Fasting for the entire day and that too, continuously for a month, can take a toll on the health of anyone.
According to Sunnah.com, the founder of Islam, Prophet Muhammad said: “When the month of Ramadan starts, the gates of the heaven are opened and the gates of Hell are closed and the devils are chained.”
The ninth month in the Islamic calendar is so observed to mark the first revelation of the Quran to Muhammad and is considered as one of the Five Pillars of Islam, which are Shahada (Faith), Salat (Prayer), Zakāt (Charity), Sawm (Fasting) and Hajj (Pilgrimage to Mecca).
Now, keeping the religious sentiments aside, there is no denying fact that fasting for the entire day and that too, continuously for a month, can take a toll on the health of Muslims who are at a go.
Today’s fast lifestyle and work pressure are among many factors that you can’t compromise on, even during Ramzan.
Here are 10 tips that will help you stay healthy even when you are fasting and yet attending long hours at office:
1. Fix your date with dates:
Dates should be the first thing on your platter as you try to fill yourself before sunrise and after sunset.
Dates are rich in sugar, magnesium and potassium and will help you maintain your energy for long hours. It also has fibers and hence will take care of your bowel movements as a sudden change in routine can constipate you.
2. Drink adequate water:
Drink enough water post breaking your fast for the day so that you don’t get dehydrated. Make sure to consume at least 8 glasses of water throughout the night so that you remain hydrated the next day during fast.
3. Avoid salt, spices and pickles:
The more you eat salted, processed, canned and spicy food, the thirstier you feel as sodium is a natural thirst booster. Binge more on fruits and vegetables.

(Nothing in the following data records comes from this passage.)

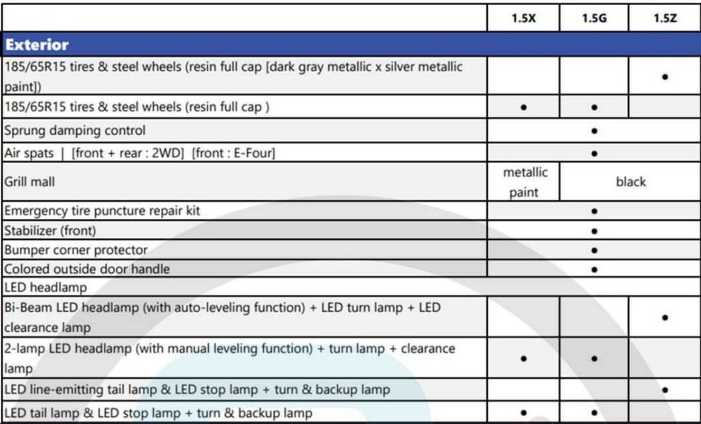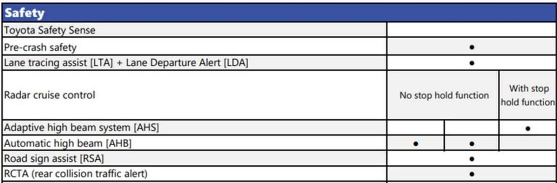 - Pre-crash Safety (Pedestrian [day/night], bicycle [day/night], motorcycles [day] Collision avoidanle support type with detection function)
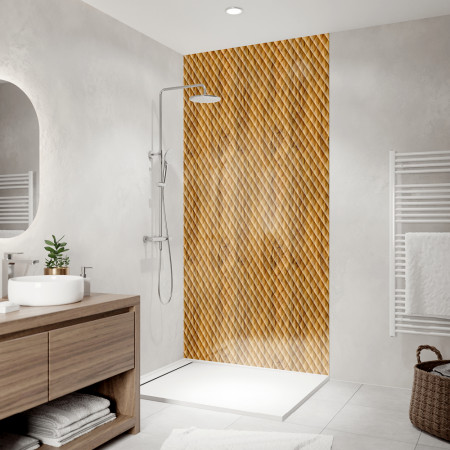 Transformez votre salle de bain avec le panneau mural Bois Losanges. Ses motifs géométriques et son effet bois brillant créent une décoration unique, à la fois moderne et chaleureuse. Résistant à l’humidité, facile à poser et simple à entretenir. Le format d'un losange seul est de L 5,8 x H 9 cm.
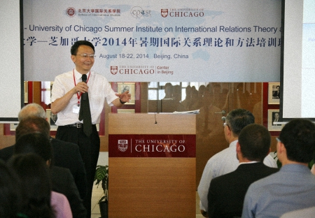 2014年8月18日至22日,由北京大学国际关系学院与芝加哥大学联合举办的2014年暑期国际关系理论和方法培训班在芝加哥大学北京中心举行。在为期五天的紧张课程中,芝大与北大在国际关系领域的知名学者和学术新秀为来自全国各地高校、科研机构的100余位国际关系学生和青年教师奉献了学术的饕餮盛宴,同时也加强了两校的相互了解和学术交流。

4. Go slow while breaking fast:
No matter how hungry you feel, don’t shock your body with suddenly filling it with all available delicacies. Eat a date or two to begin with, followed by a glass of water.
Have a bowl of warm soup and some salad and then go to the main course. Don’t overeat.

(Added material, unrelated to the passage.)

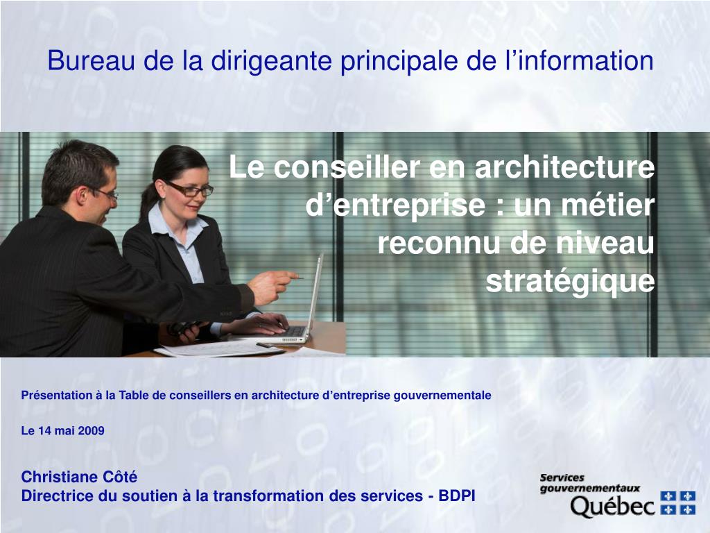 Bureau de la dirigeante principale de l’information. Le conseiller en architecture d’entreprise : un métier reconnu de niveau stratégique. Présentation à la Table de conseillers en architecture d’entreprise gouvernementale Le 14 mai 2009 Christiane Côté
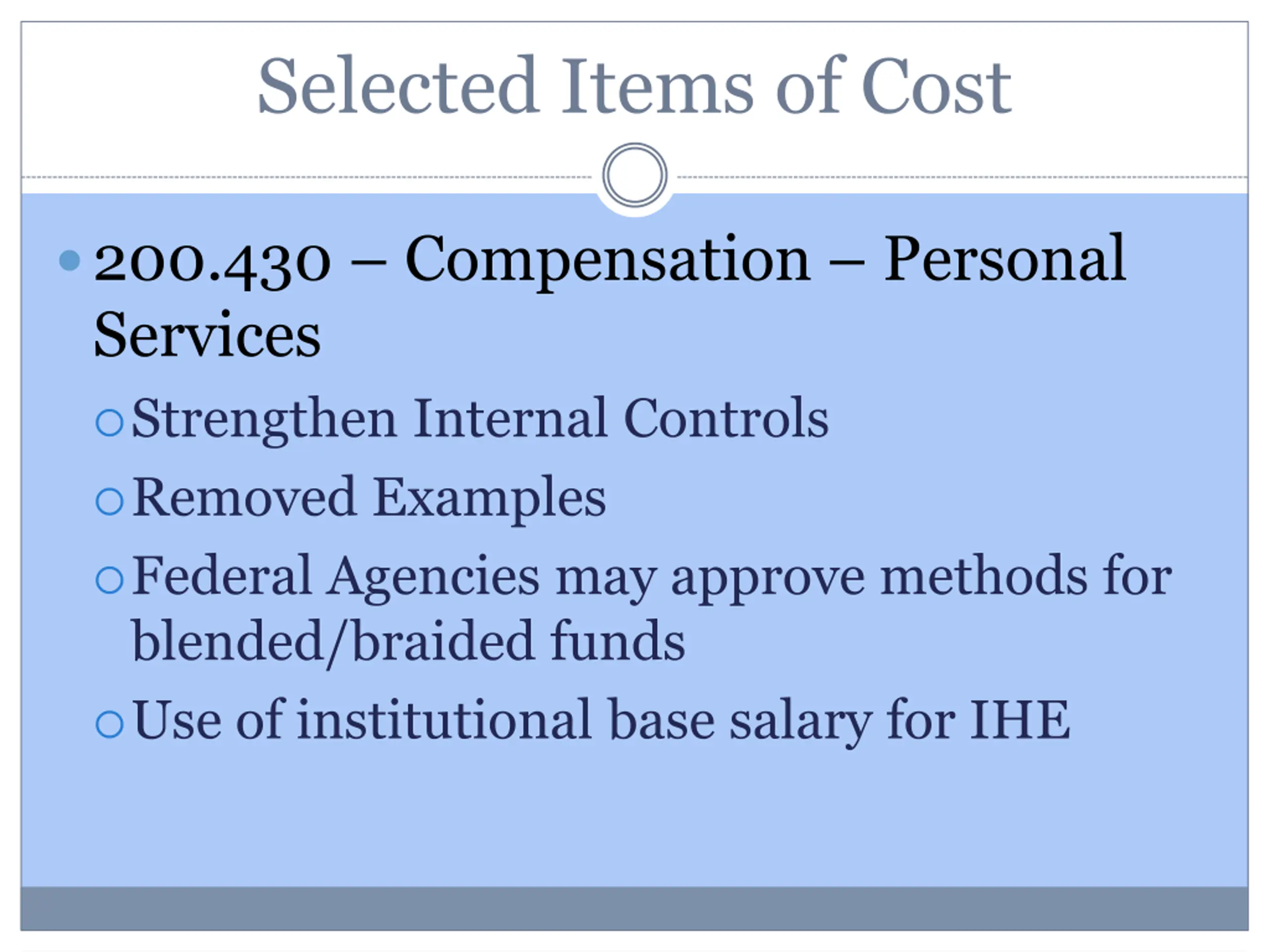 Selected Items of Cost 200.430 Compensation Personal Services Strengthen Internal Controls Removed Examples Federal Agencies may approve methods for blended/braided funds Use of institutional base salary for IHE

This way you can avoid bloat and related gastrointestinal discomforts, as that will be the last thing you would want to have to mar your Ramadan.
5. Get a balanced diet:
Your Iftar (evening meal) should have a balance of carbohydrates like rice, pasta, potatoes or burghul; animal protein like beef, chicken or fish; cooked vegetables and olive oil or flaxseed oil.
6. Cut down fat intake:
Forget traditional Iftar meals, forget all things fried, greasy and “too” sweet on your plate. Limit your fat intake to cut down the risk of cardiovascular disease during Ramadan.

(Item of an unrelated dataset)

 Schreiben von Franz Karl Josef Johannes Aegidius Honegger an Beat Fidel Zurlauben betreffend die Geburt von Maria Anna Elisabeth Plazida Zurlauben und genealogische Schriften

7. Don’t skip Suhur (pre-dawn meal):
No matter how sleepy you feel, remember, if you skip this meal, you have to go without food till sunset.
Acidity, flatulence, chest pain, headaches, nausea, fainting, dehydration, drop in blood sugar level and upset stomach are some common effects of continuous fasting. And, you can’t pray at peace with an unhealthy body. Period.
8. Go for a stroll after Iftar:
Take a casual walk around your locality after Iftar to aid in digestion. Also, the fresh air will rejuvenate your mind before Tarawih (night prayers).
9. Take a nap:
A 15-minute power nap will help you make up for the lost sleep you had to undergo for Suhur. Choose lunch-time for your afternoon siesta as it will have another advantage – you won’t be distracted by your colleagues’ lunchboxes!
10. Avoid coffee:
According to American health portal WebMD, coffee consumption causes headaches and sleepiness. So, try staying off it during Ramadan.